A Comissão de Valores Mobiliários (CVM) investiga se alguém dentro da Oi sabia sobre a aplicação de € 897 milhões, feita pela Portugal Telecom (PT), em ‘commercial papers’ da Rioforte, holding do Grupo Espírito Santo (GES). Mais do que saciar a gana dos investidores em ‘eleger’ culpados, a investigação pode levar ao primeiro processo de fraude em oferta pública de ações no Brasil – e numa transação bilionária.

– BC surpreende e aumenta a taxa de juros 

A surpreendente decisão do Comitê de Política Monetária (Copom) do Banco Central de subir os juros para 11,25% ao ano tem objetivo, segundo o Valor apurou, de fazer a economia pagar um preço menor para combater as pressões inflacionárias causadas pela recente desvalorização cambial. A taxa básica é a maior desde outubro de 2011.

– Ajuste fiscal de 2015 será “violentíssimo”

A presidente Dilma Rousseff sabe que terá de fazer, em 2015, um ajuste fiscal “violentíssimo”, informou fonte qualificada do governo. Embora ainda não se conheça sua dimensão, terá de ser mais duro que o contingenciamento de R$ 50 bilhões feito em 2011, primeiro ano de seu mandato. Segundo esse interlocutor, a presidente tem consciência de que a situação da economia é muito mais difícil do que quando assumiu e que além de uma estagnação econômica enfrentará uma oposição mais forte no Congresso. Ao mesmo tempo, estarão em curso as investigações da Operação Lava-Jato.

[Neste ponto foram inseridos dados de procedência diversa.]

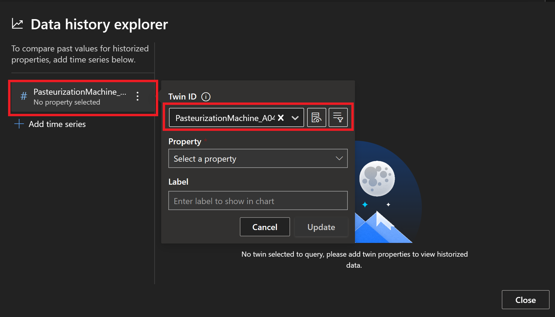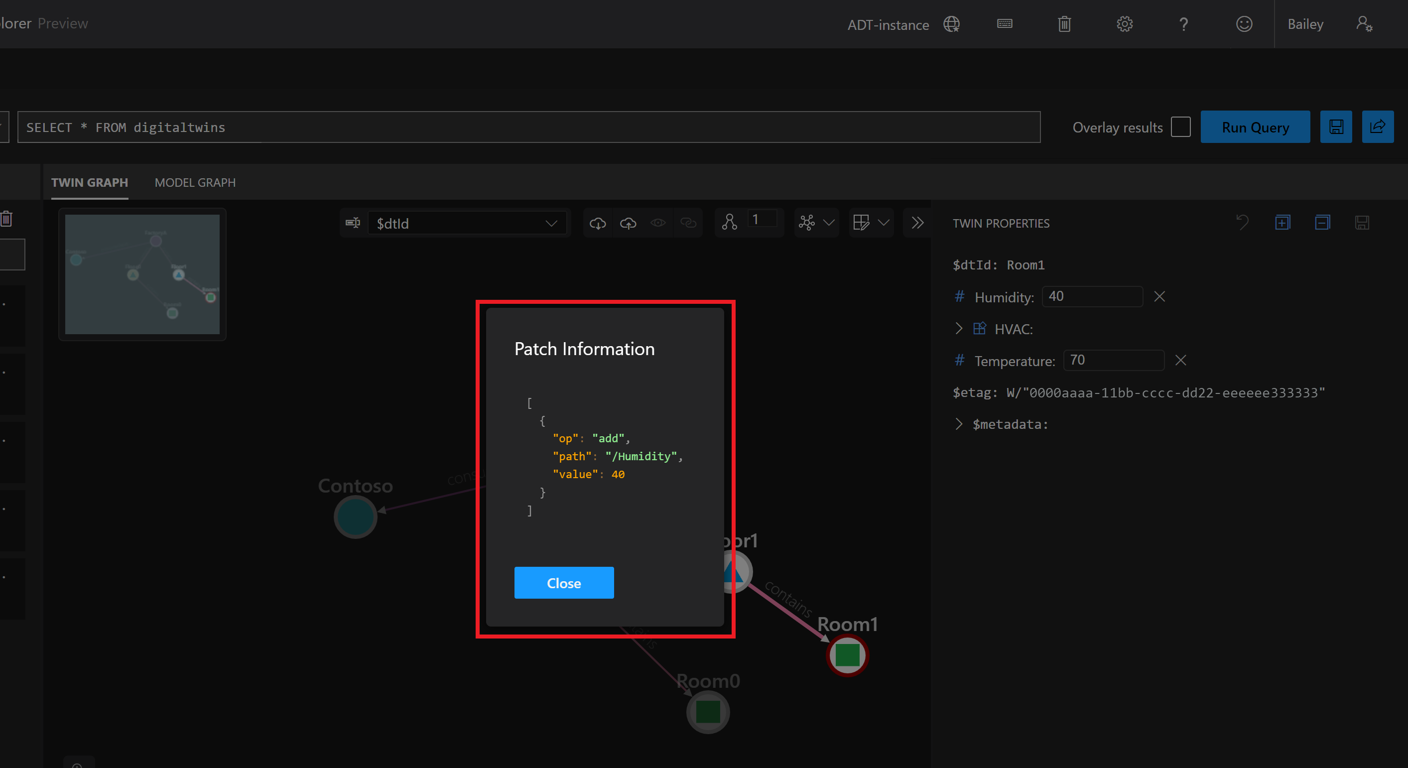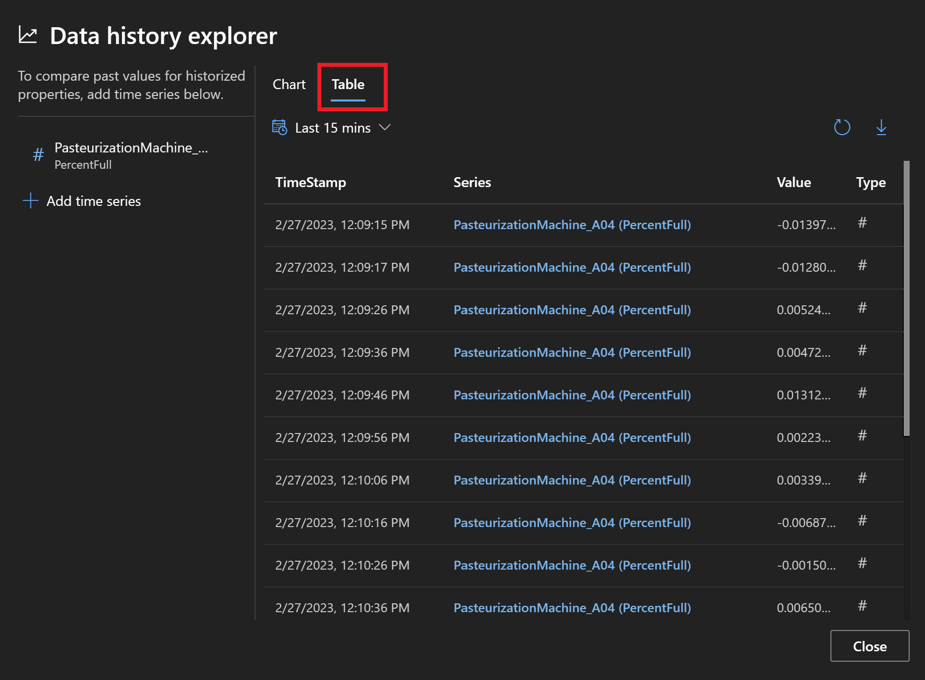 To exit the data history explorer and return to the main Azure Digital Twins Explorer, select Close.
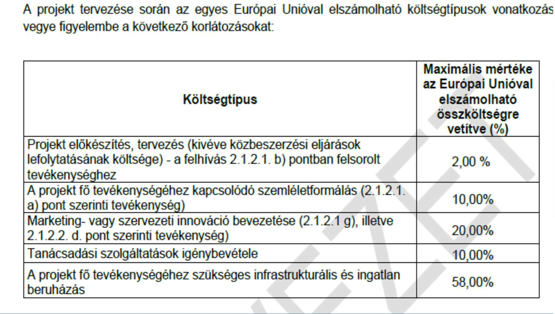 II.5.) Terület előkészítés – A terület-előkészítés összes elszámolható költsége nem haladhatja meg az Európai Unióval elszámolható összköltség 2%-át.
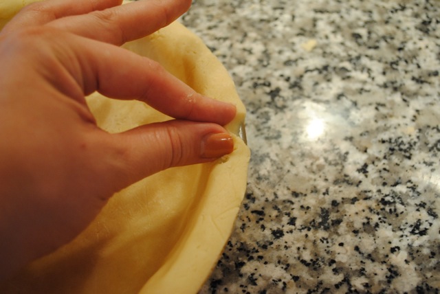 Оформляем край пирога по своему вкусу, "зубчиками" с помощью кончиков пальцев или вилкой.

– Sinuca de bico na recompra do Santander 

Exatos cinco anos depois de estrear na bolsa de valores brasileira, o Santander Brasil pode voltar integralmente hoje às mãos do controlador espanhol deixando para trás uma série de investidores e até funcionários descontentes.

– Dilma vai manter pelo menos doze ministros 

Em um desenho ainda preliminar da face do novo governo, pelo menos 12 ministros poderão permanecer no segundo mandato, mas não necessariamente nos mesmos cargos.

Brasil Econômico

manchete : Juros sobem para 11,25% no dia em que Fed elimina estímulos

Em reunião que terminou sem consenso, o Comitê de Política Monetária do Banco Central decidiu elevar a Selic em 0,25 ponto. Em nota, o BC atribui a decisão à intensificação dos ajustes de preços. Ontem, o banco central americano anunciou o fim do programa de incentivos monetários. (Págs. 20 a 22)

Arrecadação perde ritmo

Apesar de recorde para o mês, os R$ 90,7 bilhões arrecadados em setembro evidenciaram que, diante do ritmo fraco da economia, os contribuintes estão com mais dificuldades de pagar os impostos. (Pág. 5)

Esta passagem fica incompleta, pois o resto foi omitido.